Top of Data excerpts
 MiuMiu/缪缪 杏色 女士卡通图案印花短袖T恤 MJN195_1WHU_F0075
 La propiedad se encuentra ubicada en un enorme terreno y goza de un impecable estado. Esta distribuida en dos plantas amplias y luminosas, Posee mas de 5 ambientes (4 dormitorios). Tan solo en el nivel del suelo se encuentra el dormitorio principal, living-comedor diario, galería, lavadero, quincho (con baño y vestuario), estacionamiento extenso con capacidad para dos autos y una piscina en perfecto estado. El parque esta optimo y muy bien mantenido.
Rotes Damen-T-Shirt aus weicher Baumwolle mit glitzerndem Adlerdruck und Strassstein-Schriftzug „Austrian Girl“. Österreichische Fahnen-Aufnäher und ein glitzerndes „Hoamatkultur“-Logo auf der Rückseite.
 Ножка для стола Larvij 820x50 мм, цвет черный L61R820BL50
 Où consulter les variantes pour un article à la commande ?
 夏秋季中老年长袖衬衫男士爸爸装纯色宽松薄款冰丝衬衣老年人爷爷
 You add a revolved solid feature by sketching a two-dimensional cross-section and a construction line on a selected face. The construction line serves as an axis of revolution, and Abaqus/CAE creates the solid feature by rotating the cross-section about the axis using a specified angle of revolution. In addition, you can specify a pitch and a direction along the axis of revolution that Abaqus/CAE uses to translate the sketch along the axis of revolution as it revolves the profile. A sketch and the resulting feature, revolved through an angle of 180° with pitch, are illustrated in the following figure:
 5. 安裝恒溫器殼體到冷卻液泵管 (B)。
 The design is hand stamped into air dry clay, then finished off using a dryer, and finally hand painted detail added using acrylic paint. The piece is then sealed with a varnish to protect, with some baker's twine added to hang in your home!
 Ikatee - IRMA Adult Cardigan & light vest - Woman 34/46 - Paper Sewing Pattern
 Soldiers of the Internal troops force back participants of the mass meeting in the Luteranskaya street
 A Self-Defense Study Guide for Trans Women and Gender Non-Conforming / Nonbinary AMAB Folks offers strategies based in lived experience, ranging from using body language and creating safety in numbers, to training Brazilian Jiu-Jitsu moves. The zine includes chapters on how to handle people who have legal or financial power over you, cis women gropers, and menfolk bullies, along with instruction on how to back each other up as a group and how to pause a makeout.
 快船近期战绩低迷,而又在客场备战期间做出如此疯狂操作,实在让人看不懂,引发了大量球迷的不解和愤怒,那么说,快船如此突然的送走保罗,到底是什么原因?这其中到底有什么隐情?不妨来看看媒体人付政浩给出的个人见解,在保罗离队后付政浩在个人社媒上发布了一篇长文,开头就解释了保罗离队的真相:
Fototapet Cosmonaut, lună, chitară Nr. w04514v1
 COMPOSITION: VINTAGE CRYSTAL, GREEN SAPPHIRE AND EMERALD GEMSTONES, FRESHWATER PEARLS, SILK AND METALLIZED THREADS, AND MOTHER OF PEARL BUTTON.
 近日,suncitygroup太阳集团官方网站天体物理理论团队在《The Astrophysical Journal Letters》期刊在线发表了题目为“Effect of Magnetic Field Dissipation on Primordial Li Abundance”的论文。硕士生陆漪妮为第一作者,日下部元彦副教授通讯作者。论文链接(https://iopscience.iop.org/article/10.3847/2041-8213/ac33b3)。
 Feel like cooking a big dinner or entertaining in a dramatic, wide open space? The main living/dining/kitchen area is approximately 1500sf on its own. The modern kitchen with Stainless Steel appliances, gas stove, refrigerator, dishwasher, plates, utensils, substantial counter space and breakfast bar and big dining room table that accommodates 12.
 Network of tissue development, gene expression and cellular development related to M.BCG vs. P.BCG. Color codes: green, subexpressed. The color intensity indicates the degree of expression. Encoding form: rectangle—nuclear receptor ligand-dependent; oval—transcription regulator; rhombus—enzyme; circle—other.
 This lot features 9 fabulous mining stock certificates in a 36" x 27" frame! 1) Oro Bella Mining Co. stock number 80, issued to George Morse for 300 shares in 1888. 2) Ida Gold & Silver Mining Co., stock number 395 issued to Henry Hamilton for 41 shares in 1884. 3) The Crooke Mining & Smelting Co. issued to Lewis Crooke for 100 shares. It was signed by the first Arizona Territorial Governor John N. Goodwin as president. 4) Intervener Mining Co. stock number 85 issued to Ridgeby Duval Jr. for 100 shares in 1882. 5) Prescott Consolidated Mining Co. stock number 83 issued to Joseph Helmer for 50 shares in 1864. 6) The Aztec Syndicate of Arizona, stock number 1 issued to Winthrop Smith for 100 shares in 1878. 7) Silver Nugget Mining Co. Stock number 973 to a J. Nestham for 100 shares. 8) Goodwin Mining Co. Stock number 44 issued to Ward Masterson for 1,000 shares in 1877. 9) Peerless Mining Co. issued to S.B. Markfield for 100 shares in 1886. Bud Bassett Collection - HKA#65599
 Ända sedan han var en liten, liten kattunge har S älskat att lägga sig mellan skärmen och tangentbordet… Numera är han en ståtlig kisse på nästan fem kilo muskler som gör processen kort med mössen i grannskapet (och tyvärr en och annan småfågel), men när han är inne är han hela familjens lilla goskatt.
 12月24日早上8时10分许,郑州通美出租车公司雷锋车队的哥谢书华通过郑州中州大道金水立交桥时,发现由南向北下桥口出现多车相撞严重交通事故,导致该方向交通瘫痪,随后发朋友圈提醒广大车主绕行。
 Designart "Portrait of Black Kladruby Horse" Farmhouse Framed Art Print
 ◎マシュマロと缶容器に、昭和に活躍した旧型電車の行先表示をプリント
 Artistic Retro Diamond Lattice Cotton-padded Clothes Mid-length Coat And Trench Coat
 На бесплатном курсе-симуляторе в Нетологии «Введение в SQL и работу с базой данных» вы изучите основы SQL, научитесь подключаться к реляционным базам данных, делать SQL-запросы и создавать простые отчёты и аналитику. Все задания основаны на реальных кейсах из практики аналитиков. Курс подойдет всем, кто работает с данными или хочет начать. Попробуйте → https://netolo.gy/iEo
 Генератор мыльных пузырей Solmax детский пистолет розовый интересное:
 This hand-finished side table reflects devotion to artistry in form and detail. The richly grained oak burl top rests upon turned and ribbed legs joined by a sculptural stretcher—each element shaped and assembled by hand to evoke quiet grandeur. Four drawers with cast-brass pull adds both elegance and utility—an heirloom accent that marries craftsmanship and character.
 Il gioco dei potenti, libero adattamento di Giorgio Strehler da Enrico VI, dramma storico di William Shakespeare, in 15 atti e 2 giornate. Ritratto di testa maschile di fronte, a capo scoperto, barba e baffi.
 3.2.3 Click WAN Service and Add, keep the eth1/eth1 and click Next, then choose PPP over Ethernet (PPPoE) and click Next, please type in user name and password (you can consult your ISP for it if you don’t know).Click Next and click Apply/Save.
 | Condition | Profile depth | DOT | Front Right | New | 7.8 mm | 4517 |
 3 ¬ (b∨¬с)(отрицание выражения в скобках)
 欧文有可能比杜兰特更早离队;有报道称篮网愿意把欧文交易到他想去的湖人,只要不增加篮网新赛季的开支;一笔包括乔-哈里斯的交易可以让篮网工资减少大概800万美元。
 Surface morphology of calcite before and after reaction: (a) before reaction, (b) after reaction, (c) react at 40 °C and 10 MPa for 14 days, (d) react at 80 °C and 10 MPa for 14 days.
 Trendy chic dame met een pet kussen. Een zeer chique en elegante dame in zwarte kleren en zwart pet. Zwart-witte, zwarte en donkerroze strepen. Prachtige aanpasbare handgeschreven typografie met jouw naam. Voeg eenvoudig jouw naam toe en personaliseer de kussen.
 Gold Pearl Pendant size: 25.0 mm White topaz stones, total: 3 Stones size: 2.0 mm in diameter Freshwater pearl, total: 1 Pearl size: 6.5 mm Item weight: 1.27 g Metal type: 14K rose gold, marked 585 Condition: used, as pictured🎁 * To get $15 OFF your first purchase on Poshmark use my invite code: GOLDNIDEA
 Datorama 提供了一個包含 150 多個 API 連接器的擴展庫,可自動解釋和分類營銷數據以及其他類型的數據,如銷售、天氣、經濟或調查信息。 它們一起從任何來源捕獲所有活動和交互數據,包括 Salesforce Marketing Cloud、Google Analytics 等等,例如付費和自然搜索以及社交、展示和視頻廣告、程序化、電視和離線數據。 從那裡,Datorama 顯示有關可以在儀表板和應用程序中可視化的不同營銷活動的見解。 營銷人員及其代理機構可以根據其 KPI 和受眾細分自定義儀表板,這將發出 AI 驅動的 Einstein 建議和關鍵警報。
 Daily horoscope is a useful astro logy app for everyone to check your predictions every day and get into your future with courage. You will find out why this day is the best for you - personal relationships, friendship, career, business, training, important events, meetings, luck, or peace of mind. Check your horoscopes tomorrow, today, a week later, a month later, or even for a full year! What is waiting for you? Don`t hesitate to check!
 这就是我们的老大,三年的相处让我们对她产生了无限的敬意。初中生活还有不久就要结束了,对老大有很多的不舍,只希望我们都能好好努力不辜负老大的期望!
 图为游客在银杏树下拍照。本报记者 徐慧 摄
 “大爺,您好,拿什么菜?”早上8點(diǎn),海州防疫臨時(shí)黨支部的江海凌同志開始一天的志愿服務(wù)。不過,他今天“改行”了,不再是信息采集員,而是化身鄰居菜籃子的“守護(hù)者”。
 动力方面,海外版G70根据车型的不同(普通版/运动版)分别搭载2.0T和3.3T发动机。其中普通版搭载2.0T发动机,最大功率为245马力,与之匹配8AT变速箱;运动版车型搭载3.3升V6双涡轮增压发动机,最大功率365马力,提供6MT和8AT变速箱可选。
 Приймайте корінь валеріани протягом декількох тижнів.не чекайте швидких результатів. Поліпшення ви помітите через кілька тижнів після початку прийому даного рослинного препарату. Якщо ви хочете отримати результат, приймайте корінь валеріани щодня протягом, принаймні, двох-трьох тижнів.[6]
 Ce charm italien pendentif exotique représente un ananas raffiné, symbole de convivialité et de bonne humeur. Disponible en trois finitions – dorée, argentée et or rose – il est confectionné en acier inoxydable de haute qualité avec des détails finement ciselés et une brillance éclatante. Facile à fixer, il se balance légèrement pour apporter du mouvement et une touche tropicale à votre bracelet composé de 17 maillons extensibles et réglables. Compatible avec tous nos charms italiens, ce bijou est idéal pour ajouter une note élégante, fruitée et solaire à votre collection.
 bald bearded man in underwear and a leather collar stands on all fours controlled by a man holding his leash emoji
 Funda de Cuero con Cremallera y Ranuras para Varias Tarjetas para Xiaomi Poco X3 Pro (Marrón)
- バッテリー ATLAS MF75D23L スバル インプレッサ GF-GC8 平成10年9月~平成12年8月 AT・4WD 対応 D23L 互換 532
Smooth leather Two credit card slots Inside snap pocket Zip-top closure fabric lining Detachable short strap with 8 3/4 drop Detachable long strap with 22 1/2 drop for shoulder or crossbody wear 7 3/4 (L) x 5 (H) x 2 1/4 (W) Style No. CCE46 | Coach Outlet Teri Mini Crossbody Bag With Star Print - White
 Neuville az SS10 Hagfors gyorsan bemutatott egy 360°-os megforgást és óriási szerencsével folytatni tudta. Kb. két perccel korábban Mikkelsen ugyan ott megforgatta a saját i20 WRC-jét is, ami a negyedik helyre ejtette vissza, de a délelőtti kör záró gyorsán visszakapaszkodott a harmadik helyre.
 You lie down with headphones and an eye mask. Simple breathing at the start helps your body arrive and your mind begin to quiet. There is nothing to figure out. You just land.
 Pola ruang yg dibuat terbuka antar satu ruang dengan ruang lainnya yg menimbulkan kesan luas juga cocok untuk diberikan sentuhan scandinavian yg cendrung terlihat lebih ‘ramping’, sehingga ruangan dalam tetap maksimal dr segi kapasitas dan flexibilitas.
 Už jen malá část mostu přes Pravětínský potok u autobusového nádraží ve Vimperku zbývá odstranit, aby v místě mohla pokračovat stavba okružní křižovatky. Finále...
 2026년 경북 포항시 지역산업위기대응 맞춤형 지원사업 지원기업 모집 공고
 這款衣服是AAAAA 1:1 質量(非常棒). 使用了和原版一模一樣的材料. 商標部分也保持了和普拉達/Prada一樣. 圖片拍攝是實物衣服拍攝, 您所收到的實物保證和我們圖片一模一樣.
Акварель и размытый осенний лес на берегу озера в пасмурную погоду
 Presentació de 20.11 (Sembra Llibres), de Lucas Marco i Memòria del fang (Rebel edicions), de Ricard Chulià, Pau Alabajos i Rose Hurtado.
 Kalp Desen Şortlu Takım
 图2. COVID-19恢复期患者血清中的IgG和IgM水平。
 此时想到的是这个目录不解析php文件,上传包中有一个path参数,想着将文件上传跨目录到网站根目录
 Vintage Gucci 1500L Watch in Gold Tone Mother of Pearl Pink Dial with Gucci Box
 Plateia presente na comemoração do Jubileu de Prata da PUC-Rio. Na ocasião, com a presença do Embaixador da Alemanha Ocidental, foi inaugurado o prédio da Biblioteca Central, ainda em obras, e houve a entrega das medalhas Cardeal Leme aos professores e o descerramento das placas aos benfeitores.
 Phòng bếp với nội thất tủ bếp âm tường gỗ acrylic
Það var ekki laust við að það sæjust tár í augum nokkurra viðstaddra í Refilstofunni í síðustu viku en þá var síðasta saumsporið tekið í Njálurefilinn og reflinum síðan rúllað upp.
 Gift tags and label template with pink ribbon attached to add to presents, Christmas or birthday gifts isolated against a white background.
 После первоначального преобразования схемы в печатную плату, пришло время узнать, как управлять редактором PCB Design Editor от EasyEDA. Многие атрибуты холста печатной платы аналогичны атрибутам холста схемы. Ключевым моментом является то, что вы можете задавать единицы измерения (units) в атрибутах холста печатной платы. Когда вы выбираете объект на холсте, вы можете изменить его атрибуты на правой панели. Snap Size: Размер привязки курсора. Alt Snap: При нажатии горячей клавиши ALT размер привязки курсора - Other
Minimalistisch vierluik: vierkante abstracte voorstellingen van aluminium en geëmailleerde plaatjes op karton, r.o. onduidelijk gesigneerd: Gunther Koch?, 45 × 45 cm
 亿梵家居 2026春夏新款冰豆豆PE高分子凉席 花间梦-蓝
Bottom of Data excerpts
Work through the data above and give the number of lines in which "https" appears; add nothing else.

2